Large volumes of eutectic brines resistant to freezing at low pressures: implications for effusive flows on icy worlds

Icy worlds such as Europa, Enceladus and Ceres show evidence for subsurface liquids reaching the surface, either as plumes or effusive flows. Regions where this has occurred serve as potential archives of subsurface chemistry and habitability, making them prime targets for future missions. Subsurface fluids on these bodies may range in salinity from dilute to eutectic compositions, with brines approaching eutectic concentrations expected to be more common in the shallow subsurface due to their longevity at low temperatures. Despite their importance, little is understood about how highly saline fluids evolve if exposed to surface conditions.

We exposed large quantities (~50 kg) of NaCl and MgSO₄ brines at eutectic concentrations to pressures below their triple points and observed their physical behavior and thermal evolution.
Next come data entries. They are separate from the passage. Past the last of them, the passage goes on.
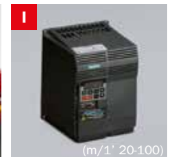
Inverter Frequency converter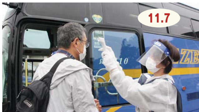
↑新型コロナウイルス感染症のような感染症が流行したときを想定し、乗車前に体温を測定

九州電力株式会社玄海原子力発電所（玄海町）の重大事故を想定した県原子力防災訓練が実施され、伊万里・牧島地区の住民が参加しました。各コミュニティセンターに集合した約50人の参加者は、避難を想定して有田町にバスで移動し、避難の手順を確認したり、放射線の基礎知識について学んだりして、防災の備えを体験しました。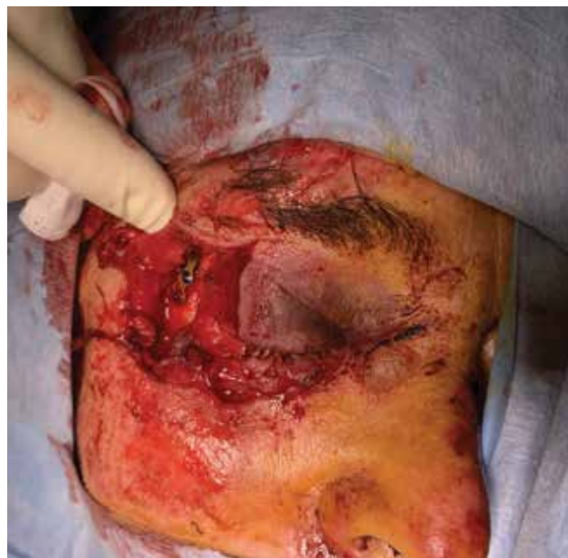
Obrázek 6-a. Těžké poranění očníce a víček při autonehodě. Je patrná již provedená rekonstrukce zlomeniny vnější stěny očníce stomatochirurgem

U všech traumat bychom měli ověřit, zda má pacient platné očkování proti tetanu a zda je rekonstrukci možné provést v lokální anestezii. Obecně ale platí, že pro rozsáhlá poranění víček, poranění slzných cest,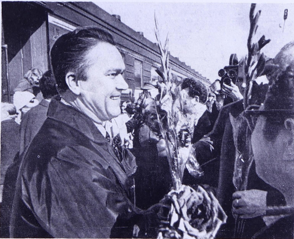
Дзоридзьяс, пӧся ки кутлӧмьяс...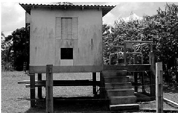
Figura 3 – Abrigo de proteção para equipamentos elétricos do poço tubular na vazante. Comunidade de Santo Antônio. Município de Uruará - AM. Brasil.

Na área estudada, ocorrem diversos mananciais de superfície como paranás, igarapés, lagos, além do próprio rio Amazonas. O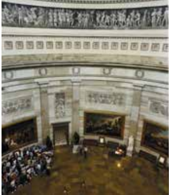
የሮተንጎው ጉብኝት ከሌሎች የካፒቶል ጉብኝት ሁሉ የላቀ ነው።

ጉብኝቶች ከክፍያ ነጻ ናቸው ሆኖም ግን የጉብኝት የይለፍ ፈቃድ ማግኘት ያስፈልጋል። በ www.visitthecapitol.gov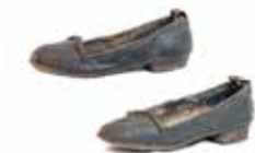
Туфлі жіночі, кінець XIX–початок XX ст.

Шкіра, метал, фабричне виробництво, 255*95 мм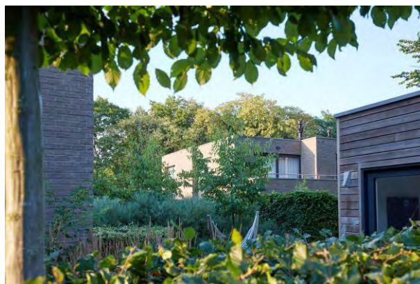
EMBOURG - BELGIQUE - 2013

Chaque appartement est équipé d'un compteur individuel de la compagnie de distribution, installé dans une pièce des compteurs commune au sous-sol.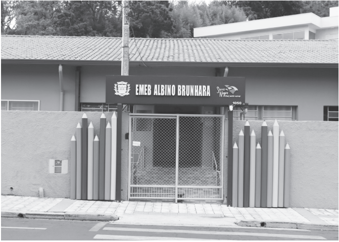
EMEB Albino Brunhara é uma das escolas que continuam abertas para receber as crianças que participam do projeto Creche-polo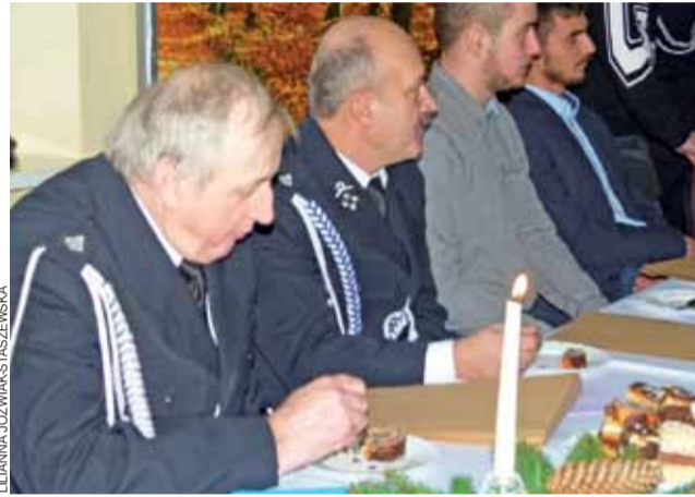
Spotkanie opłatkowe Zarządu Gminnego Związku OSP to już tradycja.

Strażacy myślą też m.in. o organizacji imprez integracyjnych i spotkań. Będą szukać nowych źródeł pozyskiwania środków na ten cel. Pod uwagę brane są m.in. granty z LGD Ziemia Łowicka. ljs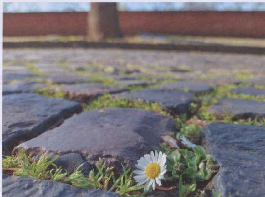
2. helyezett, Lerinc Emese

Köszönjük mindenkinek a részvételt. Figyeljék továbbra is a budavar.hu-t, mert a jövőben is készülünk hasonló pályázattal!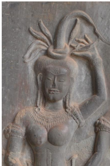
Code: A3-O-1-1.#2-2 (4)

ចម្លាក់អប្សរ Code: A3-O-1-1.#1-1 (2) នេះមានម៉ូតសក់ផ្ទៀងមួយច្បូតឡើងលើ និងពត់ចុងសក់ រាងកោងមកចំហៀងខាងស្តាំ ។ ម៉ូតសក់អប្សរនេះមានតាក់តែងលំអដោយស្លៀតផ្កាចំនួនប្រាំបីសៀតពី ក្រោយផ្ទៀងសក់ ដែលនៅក្នុងនោះមានស្លៀតផ្កាចំនួនបួន(កណ្តាល)ស្លៀតឡើងលើ ហើយស្លៀតផ្កា ទាំងបួនទៀតនៅចំហៀងសងខាង ដែលម្ខាងៗមានស្លៀតផ្កាចំនួនពីរ ស្លៀតពត់ទម្លាក់ចុះ ។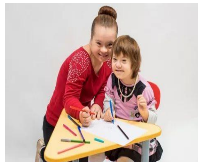
Дети с ОВЗ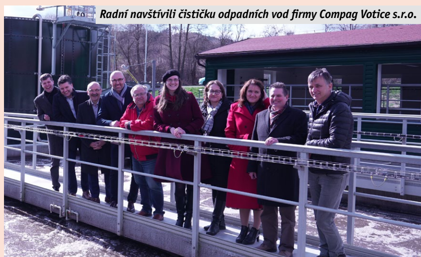
Radní navštívili čističku odpadních vod firmy Compag Votice s.r.o.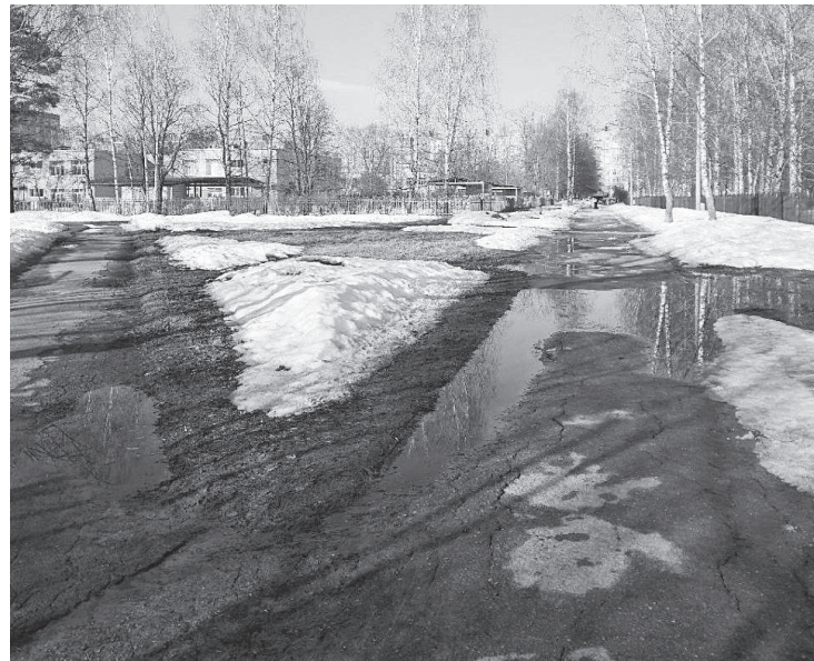
Участок дорог в районе ЦВР «Лад»- СОШ №2-ДОУ №3.

- ремонт входной группы на 1-м этаже административного здания со стороны входа в социальные учреждения, такие как Социальный фонд России, отдел социальной защиты населения по ЗАТО г. Радужный;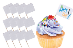
Mini-drapeaux à décorer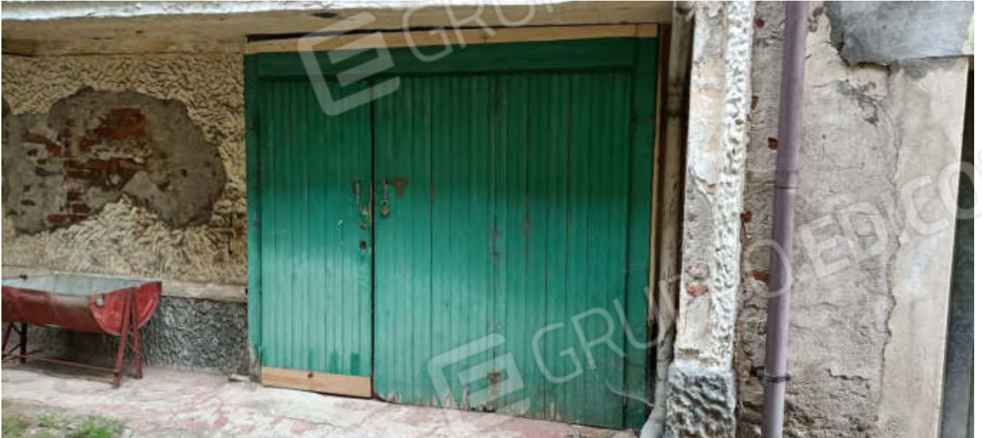
6-Portone d'ingresso dell'autorimessa su Prospetto Ovest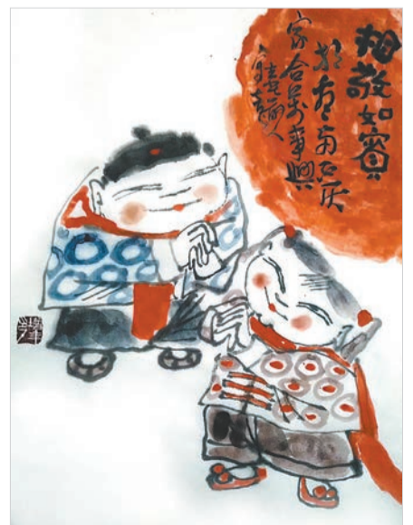
相敬如宾(国画) 卞增年 作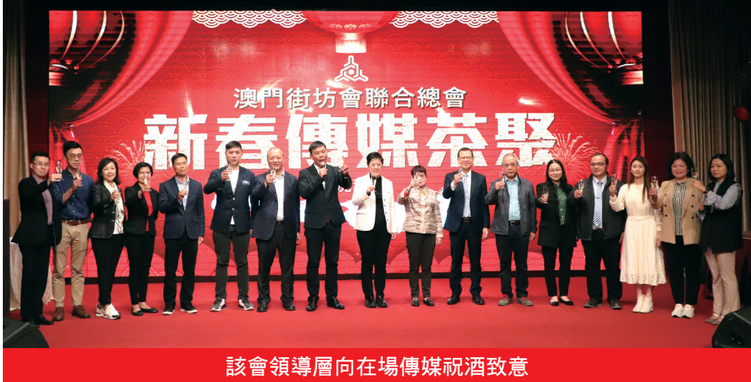
該會領導層向在場傳媒祝酒致意

人次突破311萬，同比增長9.89%；跟進及處理個案逾8,000宗，同比增長17.88%。在社區工作方面，針對不同的社會問題，進行了多項調查，深入了解居民的需求及訴求，並向特區政府反映及提出有關建議。

We found that eutectic brines, if emplaced into low-pressure environments, resist evaporatively driven freezing through the formation of salts at their surface which acts to strongly decrease evaporation rate. Furthermore, instead of evolving towards the eutectic point and thus complete solidification, the salinity and temperature of the brines instead asymptotically approached their hydrate liquidus at a concentration approximately 3% above the eutectic concentration. After 120-300 minutes, both brines approached steady-state whereby salts precipitated at the surface and sank, to be replaced by fresh surficial salts. Our findings indicate that eutectic liquids could be relatively long-lived in low-pressure environments. Furthermore, although emplaced brines at icy worlds may freeze conductively from below, ice formation should not be expected in the upper 10s of cm simulated by these experiments. Instead, we predict the systems should continue to evaporate and precipitate hydrates until dryness, meaning that regions where eutectic brines have been emplaced could be indicated by salt lags rather than salt-bearing ices. Our findings provide a new perspective on surface processes involving the extrusion of high-salinity liquids into low-pressure environments and the possible longevity of liquid water under non-equilibrium scenarios on planetary surfaces.